Preconditions for execution

Writing functions it is wise to check that all possible values passed as arguments can be dealt with by the code in the function body. What happens, for example, if drawGrid() is called with zero or negative dimensions passed to width and/or height?

If we see there is a problem a number of options are available. In this case a fully justifiable option is to simply ignore it. We are not trying to create a flawless machine and an emergent property of a program may turn out to be a spectacular work of art. On the other hand, if the code simply does not work a lot of time can be wasted trying to track down the bug.

Another option is to pass the problem on to other functions. Perhaps the grid will be drawn with all or part of it off the screen. This eventuality can be passed on for line() to deal with.

The third option is to write code at the start of the function that checks input is within range. These checks are known as preconditions: execution of other code in the function body is conditional on the checks being passed. There are three ways of dealing with a failed precondition: the function can return immediately to the caller; likewise but it returns a Boolean or some other value indicating success or failure; alternatively an error condition can be created. Java error conditions are dealt with by throwing and catching exception objects, certainly beyond the scope of this Chapter. For drawing grids a simple conditional return statement is appropriate:
      if (width <= 0 || height <= 0) return;

Note that other problems such as zero or negative numbers of cells are passed on to the grid-line drawing functions.

Minimizing coding

Another useful strategy is to avoid writing code that does the same thing more than once. This makes the code run faster but more importantly can make it shorter and easier to read. We are going to draw numerous lines from the left to the right of the grid and from its top to the bottom so compute right and bottom before doing anything else:
      int right = left + width - 1;
int bottom = top + height - 1;


The next task is to draw the gridlines, done by two functions:
      drawVertGrid(left, top, width, bottom, xCells, constrain);
drawHorzGrid(left, top, right, height, yCells, constrain);
Finally a one pixel wide outline is drawn around the grid if this option is set having first saved the current line thickness, as shown in Listing CC.3. Drawing the outline, and in calls to the drawing functions, the values of right and bottom computed on entry save numerous calculations.

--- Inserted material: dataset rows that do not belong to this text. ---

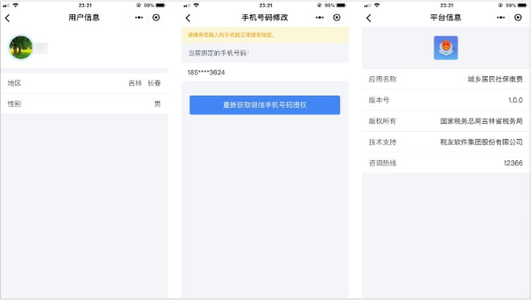 點擊小程序頁面右下角“我的”按鈕,個人信息查詢,綁定手機號變更,程序版本和咨詢熱線查詢:
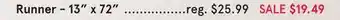 This promotion is available in various stores, view all products to get the cheapest Runner. If you'd like to find out whether this product has a bigger discount in another store, check the category 'Kitchen and Bathroom'. You may also find these offers interesting: Glitter Table Runner, Marseilles Runner & MotoMaster All-Season Mat with Runner, 3 Pc.
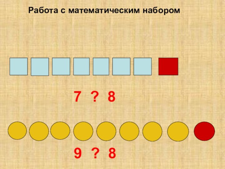 В математику тропинки   одолеем без запинки1 классУрок 26 Сосчитаем медвежат! 107010040905020 49167283510 49167283510 Молодцы! Игра «Угадай числа»Какие это фигуры?Сколько кругов? Квадратов?Сколько красных фигур?Сколько желтых фигур?Восстановите запись:? + ? = 5 Работа с математическим набором7 ? 89 ? 8 Составь и реши задачу8 - 5 = 3 8 – 4 = 4 4 + 2 = 6 Геометрия Начертить отрезки:8 см5 см 4 – 3=5 – 1 =6 – 3 =3 + 5 =6
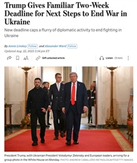 輿論認為,這是特朗普熟悉的“計時器外交”?!度A爾街日報》稱其為“熟悉的兩周期限”:把一段明確的期限公開化,同時把“我給過機會”的敘事擺上臺面,以時間倒逼談判各方,也為后續(xù)政策加碼預熱。阿拉斯加會晤沒有產(chǎn)出可執(zhí)行的?;鸹蛉綍姘才?,倒計時的設置相當于把責任前置公開——若兩周后沒有實質(zhì)動靜,升級就更容易獲得政治上的正當性。
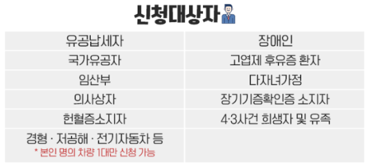 | 국가유공자 및 수권자 | 유공자증서 소지자 또는 수권자 명의 자동차 (전몰군경, 전상군경, 순직군경, 공상군경, 무공수훈자, 보국수훈자, 참전유공자, 4.19혁명 상이자, 공상공무원, 특별공로상이자 등) | ||
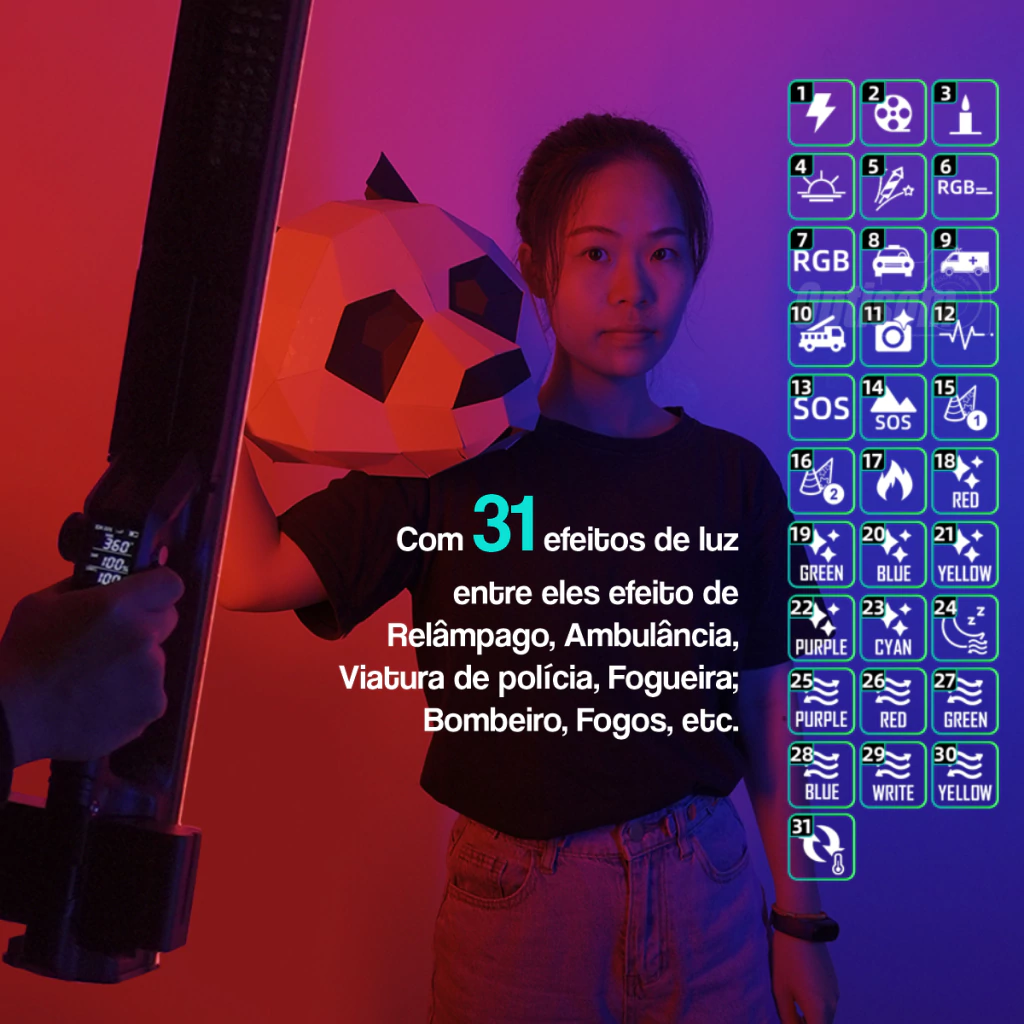 Ele conta com 31 efeitos de luz, ajuste fino de cor e intensidade da luz.
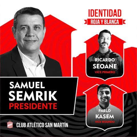 Modernicemos San Martín, con Augusto Rodríguez como presidente, Unidad Roja y Blanca, presidente Oscar Mirkin e Identidad Roja y Blanca, presidente Samuel Semrik.
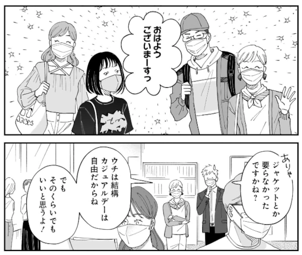 The manga carefully depicts various dynamics within a Japanese company—between boss and subordinate, coworkers, seniors and juniors, or employees from other departments. Learners can pick up on subtle differences in tone and nuance across these relationships.

So, you may be thinking, if working out this stuff early is such a good thing why not do it in the doDrawing() function, pass these values to drawGrid()and maybe make some savings in other functions called from doDrawing()? There are a few reasons for not doing this but the most important relates to abstraction. Working in doDrawing() we should not have to consider the needs of drawGrid() or any other functions called, only what they can do to get the drawing done in terms of the size, shape and location of the objects drawn.

Drawing uniform cells

The tasks to be done by the grid-line drawing functions are: check preconditions, compute cell size, initialise the drawing position to the first grid line and finally, loop while the drawing position is less than the last pixel, drawing each grid line and incrementing position by cell size. Coding these tasks to draw vertical grid lines gets:


void drawVertGrid(int left, int top, int right, int bottom, int width,
int xCells){

// precondition: if negative or zero cells exit now
if (xCells <= 0) return;

// compute cell width
float cellWidth = (float)width / xCells;

if (cellWidth < 1)
cellWidth = 1:

for (float x = left + cellWidth; x < right; x += cellWidth){

// x is the x-coordinate of the vertical line drawn in the window
line(x, top, x, bottom);
}
}


There are two points to watch out for computing cellWidth. The first one is division by zero. Java and Processing allow division by zero for floating point calculations without throwing a fit but an INFINITY result is usually best avoided (do it with integers and a divide by zero exception is thrown). In this case a zero divisor has already been excluded by the precondition: xCells must be greater than zero. Negative and zero values for width were excluded by drawGrid() making certain that cellWidth is positive. If cellWidth was zero or negative adding it to x in the loop would never make x equal to or greater than right and the loop would not exit.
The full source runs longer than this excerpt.